Investors are closely watching this week's release of US nonfarm payrolls, consumer prices and initial jobless claims for fresh signals on monetary policy, with markets already pricing in at least two rate cuts of 25 basis points in 2026.

US nonfarm payrolls are expected to have risen by 70,000 in January, according to a Reuters poll.

Lower interest rates tend to support gold by reducing the opportunity cost of holding the non-yielding asset.

Meanwhile, China's central bank extended its gold buying spree for a 15th month in January, data from the People's Bank of China showed on Saturday.

"The debasement trade continues, with ongoing geopolitical risks driving people into gold," Melek said, adding that China's purchases have had a psychological impact on the market.
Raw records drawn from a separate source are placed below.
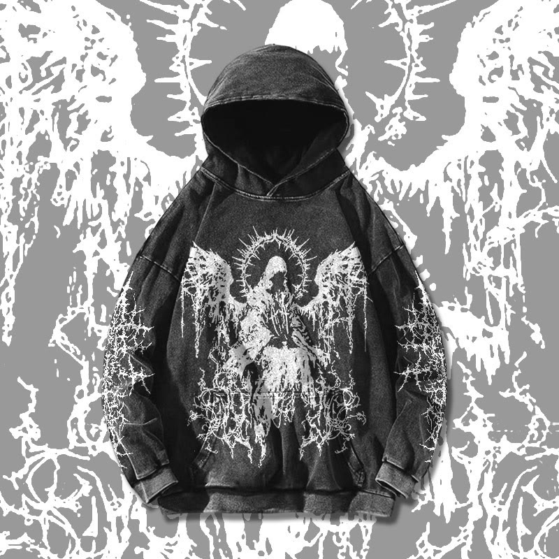 Unisex Vintage Angel Printed Washed Hoodie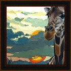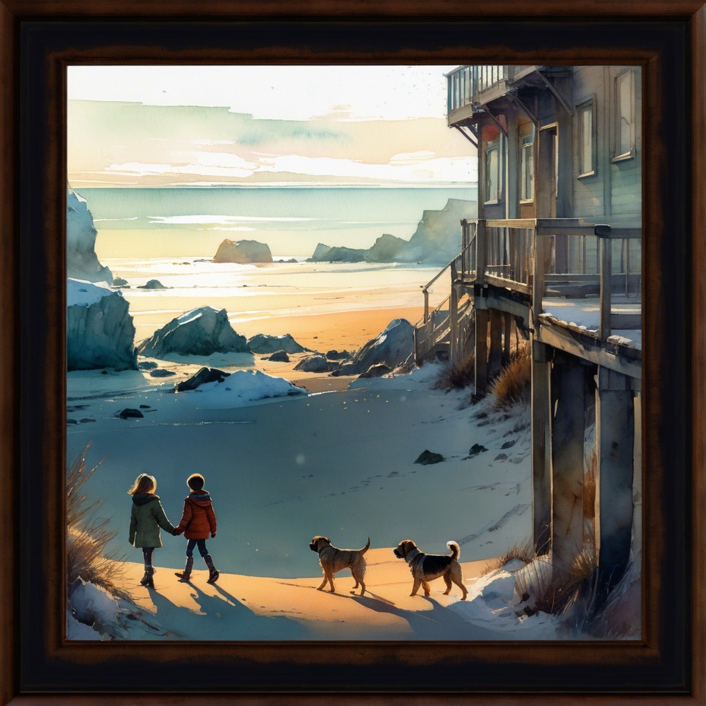 A digital painting of a winter beach scene from the perspective of a cabin on a cliff, overlooking the beach, with two children and two dogs walking along the shore, with the sun behind them, casting long shadows. In the distance, there is a body of water with mountains. The painting is framed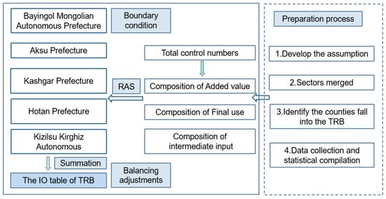 A regional IO table is the prerequisite for use of IO analysis, but an IO table of the watershed scale is always unavailable because official statistics are only provided based on the administrative unit (provincial scale) [56]. Generally, constructing a regional IO table uses two main methods, namely, survey and nonsurvey approaches [55], the former of which is generally expensive and time consuming. To address this issue, some studies have used a combination method to compile IO tables [57,58]. In this study, we used the partial survey approach to compile the IO table with 18 sectors of TRB in 2012 (Table A1). This technique requires less information than that usually obtained in survey-based IO tables. Firstly, a preparation process is needed (Figure 2, dotted box).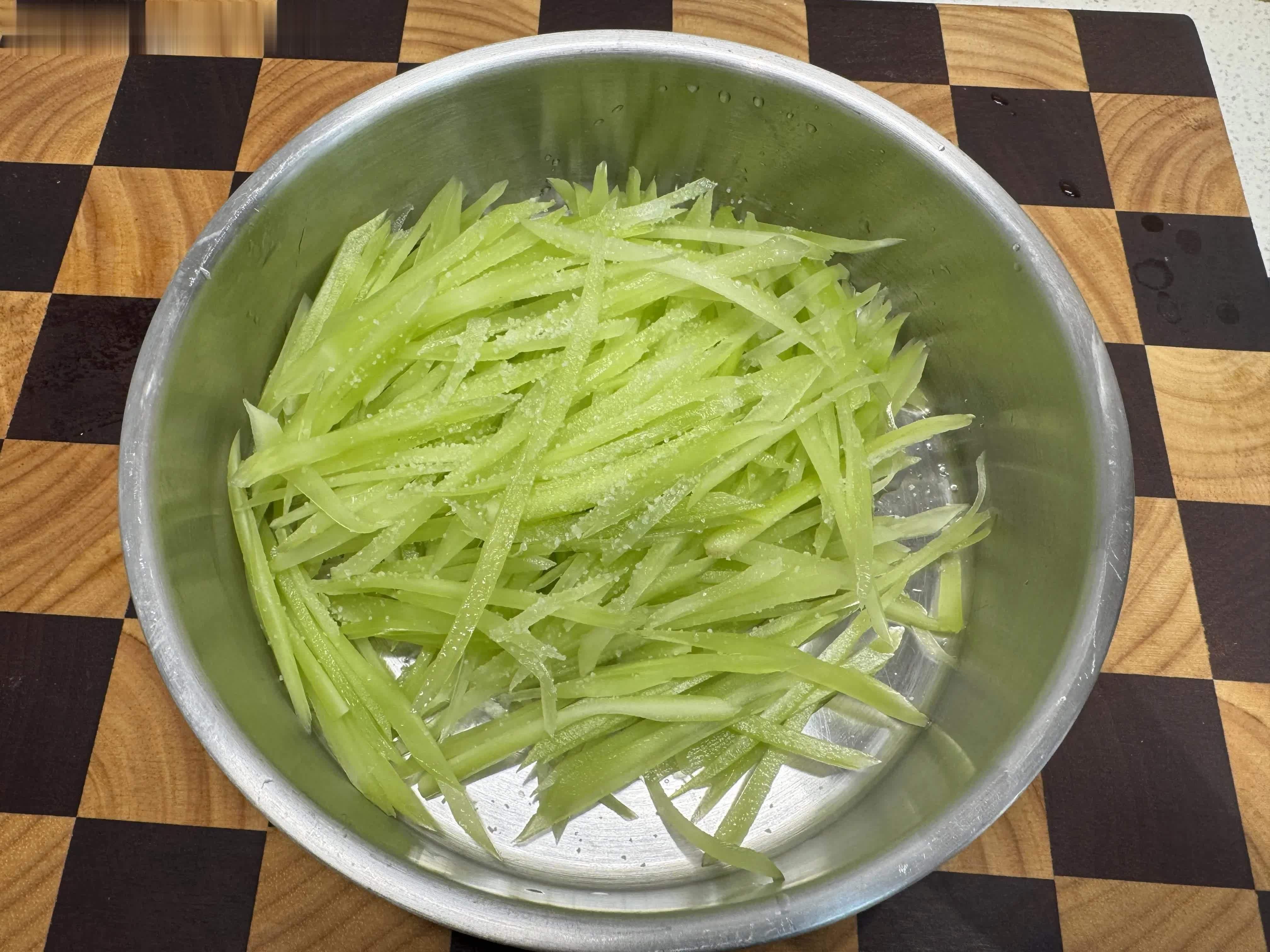 2,往莴笋丝里撒少许盐,盐的用量就是拌莴笋的用量,不需要太多也不需要太少,拌匀把莴笋腌制8分钟,8分钟后会淅出很多水分,把莴笋稍微用手挤压出更多水分,然后倒掉淅出的水分,这样处理后的莴笋口感更脆,质地也会变软一些,方便凉拌。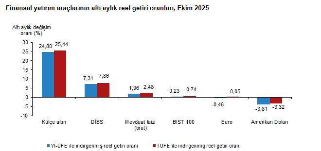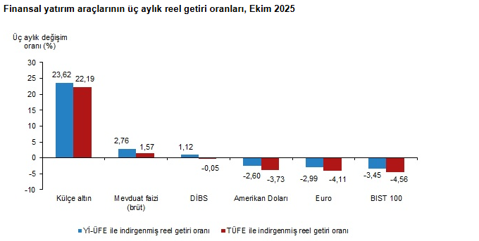 Türkiye İstatistik Kurumu (TÜİK) ekim ayının en çok kazandıranlarını açıkladı. Buna göre aylık en yüksek reel getiri, yurt içi üretici fiyat endeksi (Yİ-ÜFE) ile indirgendiğinde yüzde 13,63, tüketici fiyat endeksi (TÜFE) ile indirgendiğinde ise yüzde 12,61 oranlarıyla külçe altında gerçekleşti.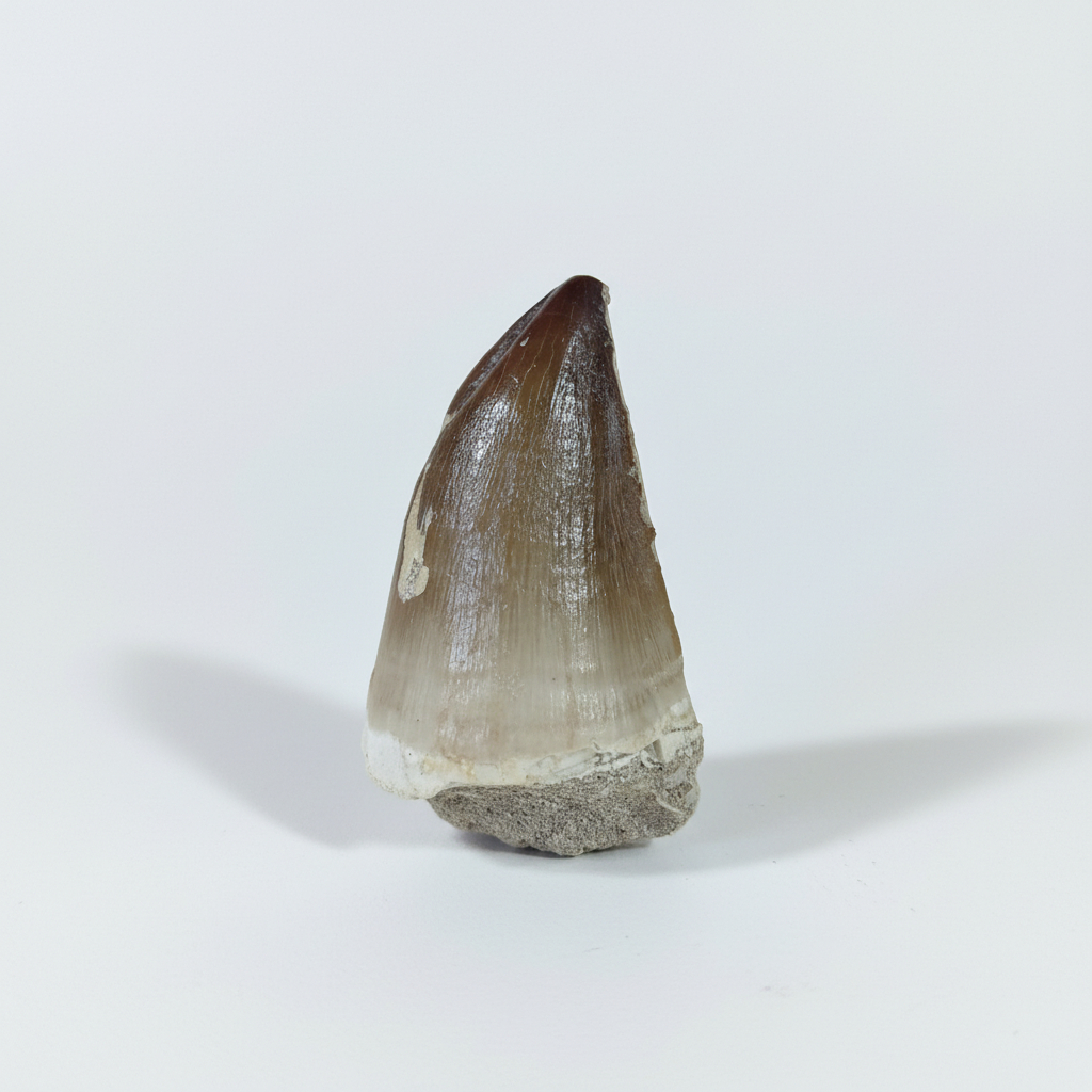 This is a high-quality 2.1″ fossil MOSASAUR Tooth (Prognathodon Anceps.) tooth Big species of Mosasaurus sourced from the Late Cretaceous phosphate deposits within the Oulad Abdoun Basin of Morocco. Renowned for its exceptional preservation, this tooth is a prized specimen for collectors and buyers alike.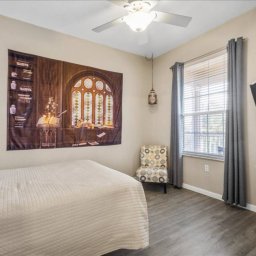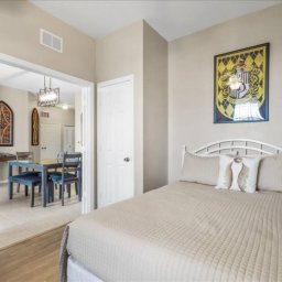 Welcome to your luxurious escape at our 3-bedroom, 2-bathroom Disney condo, perfectly located for an unforgettable vacation experience. Situated in a secure, gated community, this spacious condo offers access to resort-style amenities and breathtaking lake views. Just 15 minutes from Disney and close to Universal Studios, you’ll be at the heart of all the excitement. Whether you’re here to explore world-class theme parks or relax by the pool, this stylish condo is designed for your ultimate comfort and enjoyment. Step into this beautifully appointed condo, where modern comforts and family-friendly design come together for an ideal getaway. With plenty of space to relax, entertain, and recharge, it’s the perfect home base for your Orlando adventures. LIVING ROOM Unwind in the spacious living area, where cozy seating and a welcoming atmosphere make it the perfect place to relax after a day of exploration. Catch your favorite shows or movies on the large flat-screen TV, or simply enjoy the views from the windows. • Comfortable sofas and seating • Large flat-screen TV for entertainment • Bright, airy atmosphere with plenty of natural light KITCHEN AND DINING Channel your inner chef in the fully equipped kitchen, complete with modern appliances and everything you need to create home-cooked meals or quick snacks. Enjoy meals together at the dining table, with ample seating for your group. • Fully equipped kitchen with stove, oven, microwave, fridge, and dishwasher • Essential kitchenware: cookware, utensils, and glassware • Dining table with seating for 6 BEDROOMS Each bedroom is designed for comfort and relaxation, offering plenty of space for everyone in your group. With premium linens and cozy furnishings, you’ll be ready to rest and recharge for the next day of adventure. • Master bedroom: King-size bed with en-suite bathroom • Second bedroom: Queen-size bed • Third bedroom: Two twin beds, perfect for kids or additional guests • Each room is equipped with ample closet space and storage RESORT AMENITIES Take advantage of the fantastic amenities available at the resort, including a large pool, jacuzzi, water park, and more. There’s something for everyone, whether you want to relax, play, or get active. • Resort-style pool and jacuzzi • Water park and splash zone for the kids • Cinema, arcade, and mini-golf • Fully equipped gym and sports courts • Access to dining, shopping, and entertainment nearby ADDITIONAL AMENITIES • Stunning lake views from the condo • 24/7 security for peace of mind • Free parking within the gated community • High-speed Wi-Fi to stay connected Guest access You’ll have exclusive access to the entire condo, including all of the resort’s incredible amenities. Enjoy the pool, gym, and more, just steps away from your front door. Other things to note • This property is part of a secure, gated community with 24/7 security. • Perfectly located with easy access to Disney, Universal Studios, shopping, dining, and more. • Ideal for families or groups up to 8 people looking to experience the magic of Orlando in style. Book your stay now and create unforgettable memories in our beautiful Disney condo—your perfect home away from home!

Spot silver climbed 2.9% to $80.22 per ounce after a near 10% gain in the previous session. It hit an all-time high of $121.64 on January 29.

Spot platinum was down 0.2% at $2,092.95 per ounce, while palladium was steady at $1,707.25.

"A slowdown in EV sales hasn't really materialized despite all the policy softening, so I do see that platinum and palladium will possibly slow down," after a bullish run in 2025, WisdomTree commodities strategist Nitesh Shah said.